There
is little chance of backlash.
The economic
stakes are small.
Every year thousands
of Americans stalk migrating great whales in our coastal waters. They do
it with sharp eyes and quick cameras, and the result of their demand for
a rare nature experience is a small but flourishing local industry.
In
late November, a whaling fleet departed Shimonoseki, Japan, for a very
different purpose: a real hunting expedition for Minke whales in the Antarctic
whale sanctuary. In September, a fleet returned from the northern Pacific
with a catch that included forty-three Bryde's whales and five Sperm whales.
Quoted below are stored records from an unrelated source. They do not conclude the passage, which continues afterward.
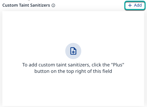 Click + Add in the top right of the Custom Taint Sanitizers widget. The Add Custom Taint Sanitizer dialog box will appear.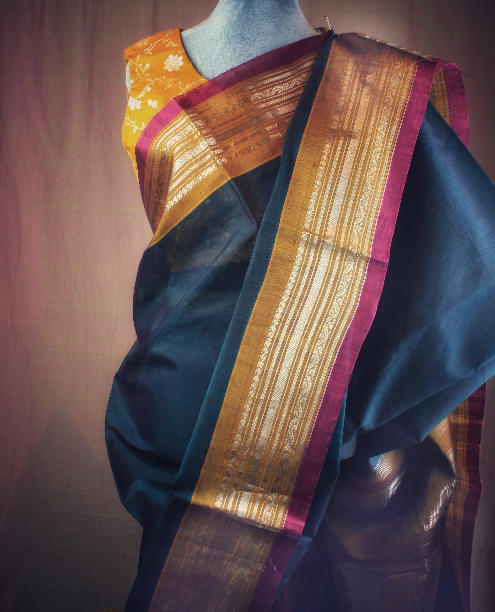 Gadwal Handloom sarees are from the town of Gadwal in Telengana and date back to the 17th century. Typical Gadwal Handloom sarees have a cotton body and silk border and Pallu. They are known for their well- crafted Kuttu borders which are traditionally woven in the interlocked-weft technique (called Kuppadam or Tippadamu locally) and often with Kotakomma (also called Kumbam) in the borders. This allows for borders and Pallus to be woven separately and then attached during weaving resulting in beautiful contrast color combinations.The skilled weavers of Gadwal hold the rare honor of creating the “Sesha Vastram” for Lord Venkateswara during the annual Brahmotsavam festival in Tirupati.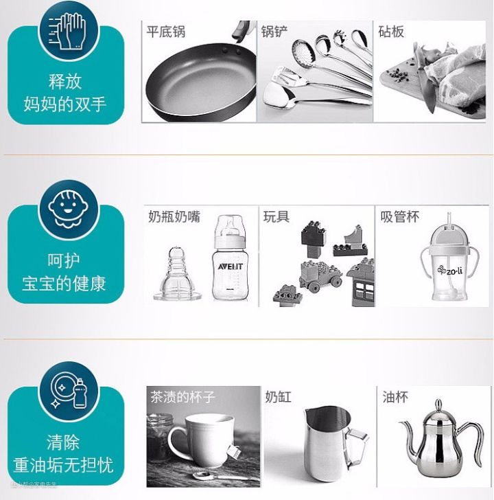 特别是中餐又重油,黏黏的餐具洗起来很费劲,长时间弯腰洗碗又累腰,不利于身体健康。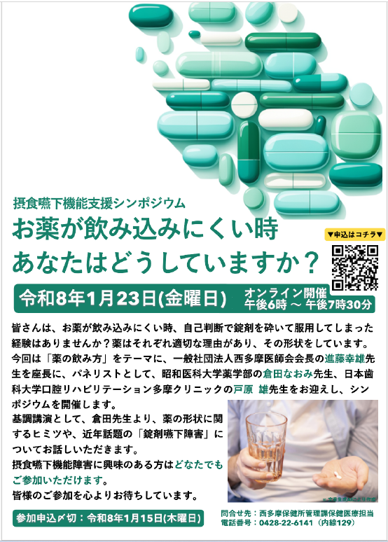 西多摩保健所では、摂食嚥下機能障害に興味のある方を対象にオンラインでシンポジウムを開催します。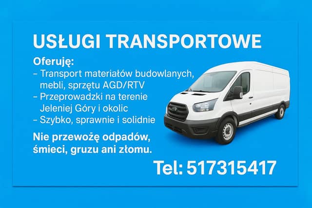 - Transport materiałów budowlanych, mebli, sprzętu AGD/RTV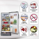 Key Features: Smart Connect – helps you connect your refrigerator to home inverter in case of power cuts; Solar Connect – allows the refrigerator to be powered by a home inverter during power outages | Door Basket No (Full Size / Half Size) – 2+3; Lock – ensuring safety, especially for households with children or pets; Handle Type – Bar; Anti Rat Bite (Sleeve)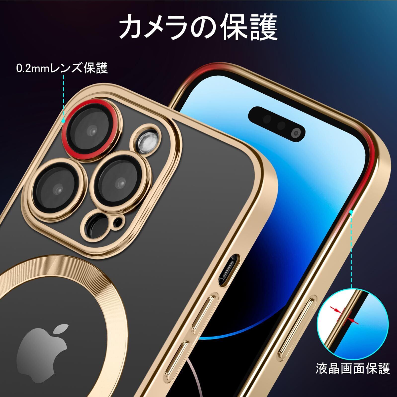 iPhone 13 Pro 用 ケース 黄変防止MagSafe対応 磁気充電 傷に強い背面 耐衝撃 米軍MIL規格 6.1インチ カバー 2023年新型 iphone13プロ ケース レンズ保護 ワイヤレス充電対応 傷に強い背面アイフォン 13 Pro 用 ケース (ゴールド)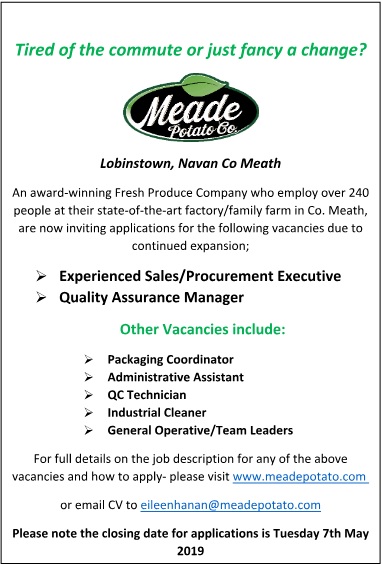 For full details on the job description for any of the above vacancies and how to apply- please visit www.meadepotato.com or email CV to eileenhanan@meadepotato.com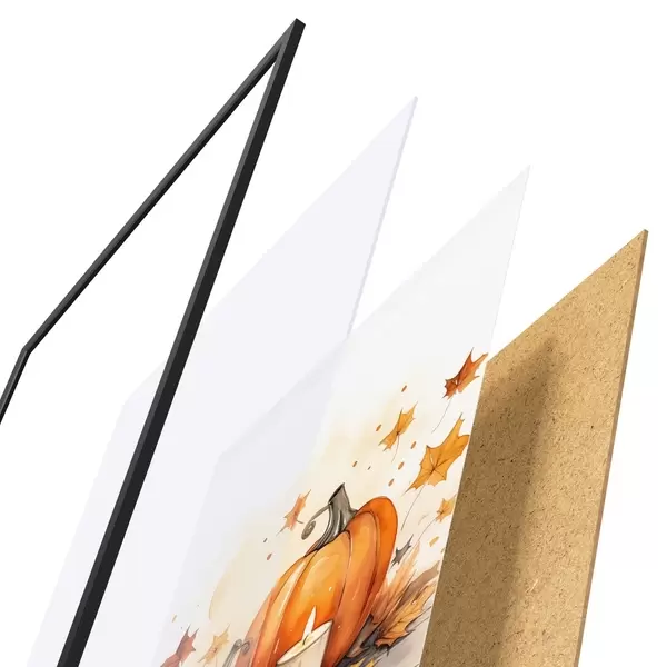 Plakat składa się z ramy, pleksi, wydrukowanego obrazu i podkładu z płyty wiórowej. Plakat można natychmiast zawiesić na ścianie dzięki uchwytom z tyłu.

These larger species are considered endangered by the International Whaling
Commission, and the catch limit is firmly set at zero. The United States,
the commission and most marine scientists reject Japanese claims that the
hunt is scientific research.
To the
dismay of its environmental allies, the Clinton administration ducked the
issue. In late December the administration announced largely symbolic restrictions
on Japanese fishing rights in U.S. waters and threatened to ``investigate''
Japanese firms that manufacture whaling equipment.
The story of
this bungled response is a tale of two international institutions, one
strong and one weak. Quite reasonably, the United States feared that Japan's
creeping reintroduction of commercial whaling opened a slippery slope.
Instead of forging an international consensus of like-minded nations, the
United States sought a quick fix. All too predictably, it threatened trade
sanctions. The threat was empty because sanctions on Japanese automobiles
or other products are clearly incompatible with our obligations within
the World Trade Organization. The WTO reflects an international consensus,
which our government shares, that trade should be nondiscriminatory.
Alternatively,
the United States could have taken its case to the whaling commission,
where the issue seemingly belongs, but the commission is a voluntary organization
whose only enforcement mechanism is moral suasion. Just as important, its
purpose is to restore the whale fishery, not to change national attitudes
toward whale hunting. Anti-whaling nations such as the United States have
used the commission effectively in the past because certain whale populations
were so clearly nearing extinction. Whale numbers have begun to recover
since the commission-sponsored moratorium on commercial hunting took effect
in the 1980s. Its success has reinvigorated the simmering international
tensions over the future of commercial whaling.
Although
the group of nations that seeks to resume whaling currently is small (Japan
and Norway are strong supporters), time is on their side.
Limited
commercial hunting by nations that do not share our views may be compatible
with a stable or growing whale population, but this requires giving the
commission the authority to set, monitor and enforce catch limits. Such
a reinvented International Whaling Commission is quite unlikely. Even if
it were possible, hunting would remain a constant diplomatic irritant.
American
views about Japan's whaling policies are shaped by the twin misperceptions
that pro-whaling sentiment runs deep in Japan and whale products are an
important part of Japanese everyday life. Few people eat high-priced whale
meat, and there is no sizable industrial lobby backing renewed whaling.
Japanese whaling policy originates within the bureaucracy, a gesture to
a tiny industry.
There
is still time to put together a coalition of anti-whaling nations to exert
coordinated diplomatic pressure on Japan to end whaling. There is little
chance of backlash in Japan because the issue evokes no clash of cultures
and economic stakes are small.
Will the Bush
administration be willing to prod our Japanese allies over this issue?
The omens are not good.
The recent
tragic trawler accident off the Hawaiian coast diminishes the Bush administration's
likely appetite for diplomatic disagreements with Japan. But if whaling
policy cannot be separated from the rest of our cooperative political and
military relationship with Japan, whaling opponents must prepare themselves
for a steady erosion of the status quo.
David
H. Feldman is an economics professor at the College of William and Mary.